Bobby Bare Jr.: Young Criminals' Starvation League

Though his southern-rock band Bare Jr. has a reputation for laying on riffs with maximum distortion and twang, Bobby Bare Jr. is as inclined to relax with a stack of Smiths records as to party the night away to the sounds of Molly Hatchet. Bare's Morrissey fetish gets its boldest public airing with "The Monk At The Disco," from Young Criminals' Starvation League, the singer-songwriter's solo debut. Away from his regular bandmates, Bare goes anglophilic, launching into a jaunty rhythm carried by acoustic guitars and given atmosphere by a distant, whistling electric guitar. "The Monk At The Disco" lies halfway between homage to and parody of Britpop at its goofiest, and just when it seems that the whole thing might be a gag, Bare wraps the song with a drum solo swiped from The Who's "Happy Jack," making clear that above all, this project is about indulgence. Criminals maintains links to Bare's country-music heritage: Singing in a high, affected rasp, he can't shake his vocal drawl, and he ropes in his Nashville hitmaker father to sing backup. But for the most part, his background comes filtered through British rock bands who've been influenced by country, as on "Mehan," which sounds like an outtake from The Rolling Stones' Beggars Banquet.

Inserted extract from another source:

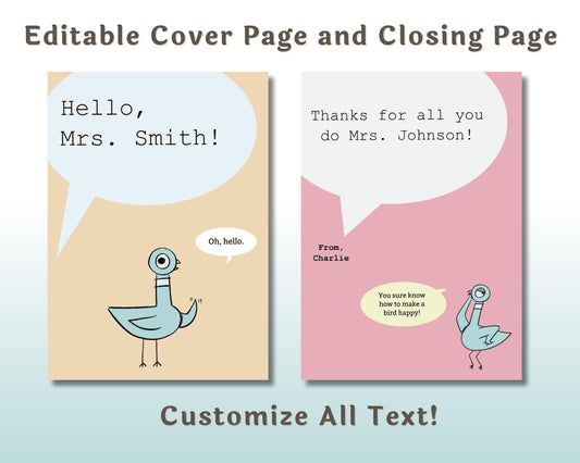Editable Pigeon Gift Book Teacher Appreciation Gift — Instant Download

Bare adds calliope-like organ to the hick character study "Flat Chested Girl From Maynardville," and a mellow, humming brass section to the cheerful "I'll Be Around." The hey-why-not instrumentation jibes with Bare's lyrics, which, as on his Bare Jr. albums, have mostly to do with girls. But he usually writes about girls he's disappointed, while the songs on Criminals tend to be about girls to whom he's pledging his best. That includes his true mistress, rock 'n' roll, addressed in the daringly awkward rant "Dig Down"—basically a litany of the rock stars who've done their jobs so well that there's no real reason for a young rocker to keep trying. "Dig Down" sounds bitter, but it ends with a chorus of the singer and his pals aping the hooting from the Stones' "Sympathy For The Devil," and Bare follows the song with a bluesy cover of The Smiths' "What Difference Does It Make?" Such are the ways of love.